The Armenian American community is understandably hesitant about supporting a candidate after the inexcusable manner in which President Obama and his administration broke his long-standing campaign promise to properly acknowledge the Armenian Genocide.  A more forthright approach from early on in the campaign, as demonstrated by Representative Mike Capuano, would have gone a long way to show legitimate attention in part of Coakley’s campaign towards a large and influential potential constituency of hers.

Coakley should be given the proper credit for successfully defending the Commonwealth in the Griswold v. Driscoll case (the defense was initiated by Tom Reilly and continued on by Coakley), ensuring that the Armenian Genocide continues to be a part of the history curriculum in public schools throughout the Commonwealth.

One issue that has become front and center recently is Coakley’s acceptance of the Anti Defamation League’s (ADL) Woman of Valor Award in the fall of 2007 amidst the scandal surrounding the ADL’s policy not to acknowledge the Armenian Genocide and to campaign against its affirmation in the U.S. Congress on behalf of the Turkish government. This was a hot topic in town with multiple front-page articles in the Globe, the Herald, and countless local newspapers.  It is unfathomable that Coakley and her team would be unaware of the scandal and would accept an award from an institution engaged in blatant genocide denial.  Would she have accepted an award from an organization with a shaky stance on the realities of the Holocaust?

Coakley’s promise of advocacy on behalf of Armenian Americans will be significantly enhanced by an unequivocal and forthright statement addressing this unfortunate incident.
Ara Nazarian is co-chair of the Armenian National Committee (ANC) of Massachusetts.

6 Comments on Nazarian to Coakley: Armenian American Community Understandably Hesitant

  1. This Armenian is supporting Brown.

  2. Brown is better for America, Mass., and the Armenian people. 
    People of Mass., do not make a mistake and vote for Coakley.

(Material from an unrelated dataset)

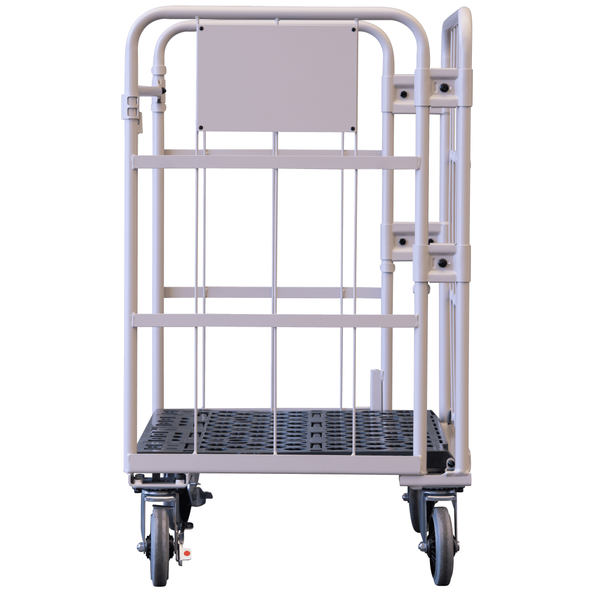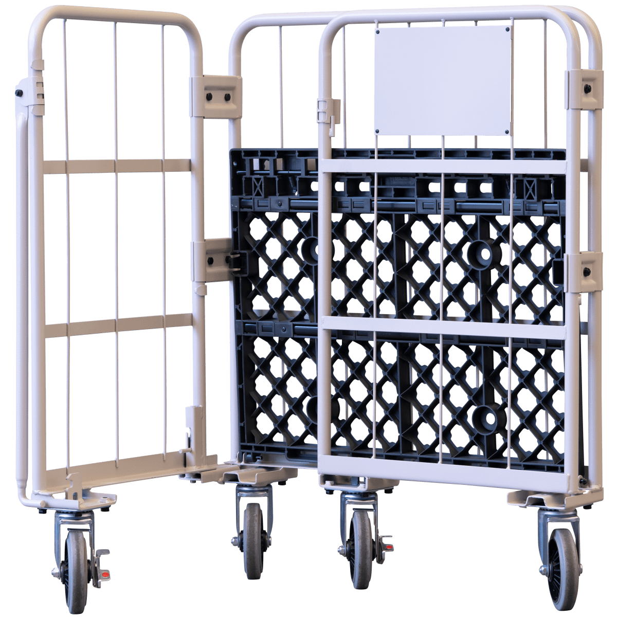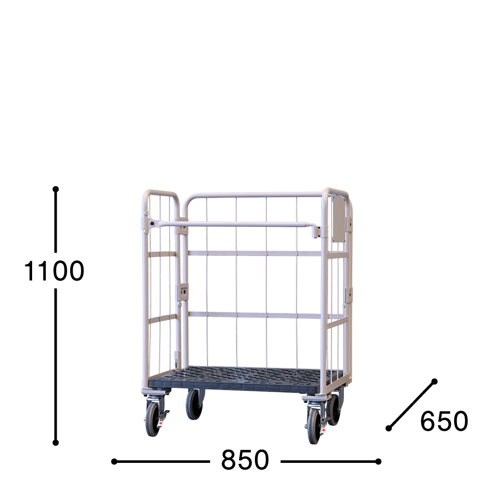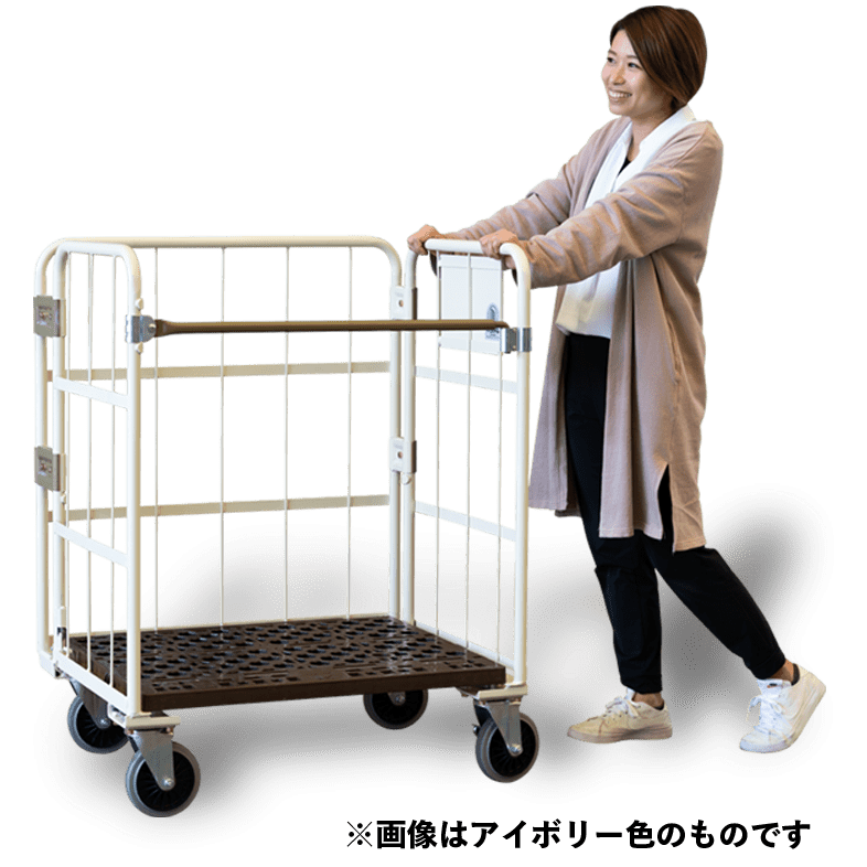 - 両面を折りたたんだ状態ではカゴ台車は自立しません。

  3. I believe the interests of all Americans, especially those of us from Massachusetts – whether of Armenian origin or not, are best served by having competition in the political arena.   One-party rule only leads to complacency and eventual abuse.  The lock on power that the Democrat machine has on the Senate seats from Massachusetts should end.  Because I believe he’s the better person who will also lead this competition, I’m voting for the real candidate of hope and change – Scott Brown.

  4. avatar Berge Jololian // January 19, 2010 at 10:26 pm // Reply

    Why did so many Massachusetts-Armenians including myself vote for the Republican US Senate candidate  Scott Brown?
    Because, we are primarily frustrated with President Obama breaking his pledge to acknowledge the Armenian genocide, and the White House decreasing US aid to Armenia.
    Our votes will deprive Obama and his democratic party the critical 60 votes in the Senate for a filibuster.
     
     
     

  5. avatar InformedAmerican // January 20, 2010 at 5:23 pm // Reply

    Turkish PM Erdogan Warns Armenian Court Ruling Could Derail Protocols (Hurriyet)

    If Armenia really wants a way out of bankruptcy, isolation, hardships, corruption, violence, and poverty, the protocols offer a golden opportunity. Armenia’s government should treat this unexpected “kiss of life” from Turkey with utmost respect, without trying to dilute and modfy their content and scope via thinly veiled bureaucratic tricks, as no one is being fooled.

    Armenia, with its wishy-washy approach to protocols is forcing the limits of patience. Armenia should show sufficient political will (by approving the protocols after making a positive move in Karabakh) and be rewarded for it; or stay the old course and be relegated to a distant and irrelevant province of Russia.

  6. To Scott Brown

    Your name is Scott and you have Scottish genes.
    Scottish Parliament recognized Armenian Genocide,
    Do you think you will do?
    Or you will gamble with our name!